I'm learning Scala as my first functional-ish language. As one of the problems, I was trying to find a functional way of generating the sequence S up to n places. S is defined so that S(1) = 1, and S(x) = the number of times x appears in the sequence. (I can't remember what this is called, but I've seen it in programming books before.)
In practice, the sequence looks like this:
S = 1, 2, 2, 3, 3, 4, 4, 4, 5, 5, 5, 6, 6, 6, 6, 7, 7, 7, 7 ...
I can generate this sequence pretty easily in Scala using an imperative style like this:
def genSequence(numItems: Int) = {
require(numItems > 0, "numItems must be >= 1")
var list: List[Int] = List(1)
var seq_no = 2
var no = 2
var no_nos = 0
var num_made = 1
while(num_made < numItems) {
if(no_nos < seq_no) {
list = list :+ no
no_nos += 1
num_made += 1
} else if(no % 2 == 0) {
no += 1
no_nos = 0
} else {
no += 1
seq_no += 1
no_nos = 0
}
}
list
}
But I don't really have any idea how to write this without using vars and the while loop.
Thanks!
Pavel's answer has come closest so far, but it's also inefficient. Two flatMaps and a zipWithIndex are overkill here :)
My understanding of the required output:
The results contain all the positive integers (starting from 1) at least once
each number n appears in the output (n/2) + 1 times
As Pavel has rightly noted, the solution is to start with a Stream then use flatMap:
Stream from 1
This generates a Stream, a potentially never-ending sequence that only produces values on demand. In this case, it's generating 1, 2, 3, 4... all the way up to Infinity (in theory) or Integer.MAX_VALUE (in practice)
Streams can be mapped over, as with any other collection. For example: (Stream from 1) map { 2 * _ } generates a Stream of even numbers.
You can also use flatMap on Streams, allowing you to map each input element to zero or more output elements; this is key to solving your problem:
val strm = (Stream from 1) flatMap { n => Stream.fill(n/2 + 1)(n) }
So... How does this work? For the element 3, the lambda { n => Stream.fill(n/2 + 1)(n) } will produce the output stream 3,3. For the first 5 integers you'll get:
1 -> 1
2 -> 2, 2
3 -> 3, 3
4 -> 4, 4, 4
5 -> 5, 5, 5
etc.
and because we're using flatMap, these will be concatenated, yielding:
1, 2, 2, 3, 3, 4, 4, 4, 5, 5, 5, ...
Streams are memoised, so once a given value has been calculated it'll be saved for future reference. However, all the preceeding values have to be calculated at least once. If you want the full sequence then this won't cause any problems, but it does mean that generating S(10796) from a cold start is going to be slow! (a problem shared with your imperative algorithm). If you need to do this, then none of the solutions so far is likely to be appropriate for you.
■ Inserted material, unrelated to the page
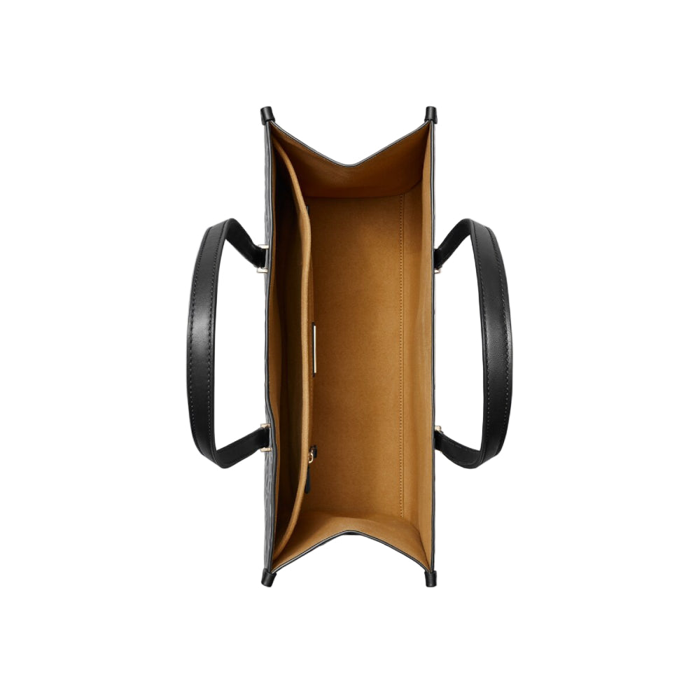 The Tory Burch Monogram Embossed Tote Bag in Black is a statement of timeless sophistication and practical design. Crafted from premium embossed leather featuring the brand’s signature T Monogram pattern, this tote combines luxury craftsmanship with everyday functionality. Lined with soft microsuede, it includes an interior laptop sleeve and multiple pockets for organized storage. The structured silhouette, elegant top handles, and subtle tonal detailing make it ideal for both professional and casual occasions.
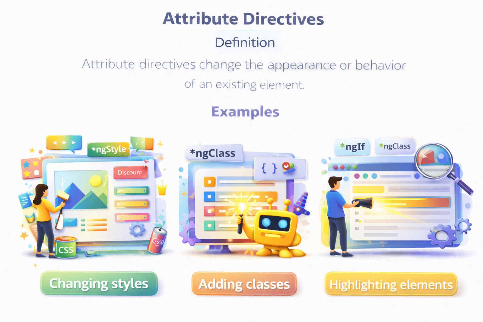 Use attribute directives for styling and behavior

The following code produces exactly the same sequence as yours:
val seq = Stream.from(1)
.flatMap(Stream.fill(2)(_))
.zipWithIndex
.flatMap(p => Stream.fill(p._1)(p._2))
.tail
However, if you want to produce the Golomb sequence (that complies with the definition, but differs from your sample code result), you may use the following:
val seq = 1 #:: a(2)
def a(n: Int): Stream[Int] = (1 + seq(n - seq(seq(n - 2) - 1) - 1)) #:: a(n + 1)
You may check my article for more examples of how to deal with number sequences in functional style.
Here is a translation of your code to a more functional style:
def genSequence(numItems: Int): List[Int] = {
genSequenceR(numItems, 2, 2, 0, 1, List[Int](1))
}
def genSequenceR(numItems: Int, seq_no: Int, no:Int, no_nos: Int, numMade: Int, list: List[Int]): List[Int] = {
if(numMade < numItems){
if(no_nos < seq_no){
genSequenceR(numItems, seq_no, no, no_nos + 1, numMade + 1, list :+ no)
}else if(no % 2 == 0){
genSequenceR(numItems, seq_no, no + 1, 0, numMade, list)
}else{
genSequenceR(numItems, seq_no + 1, no + 1, 0, numMade, list)
}
}else{
list
}
}
The genSequenceR is the recursive function that accumulates values in the list and calls the function with new values based on the conditions. Like the while loop, it terminates, when numMade is less than numItems and returns the list to genSequence.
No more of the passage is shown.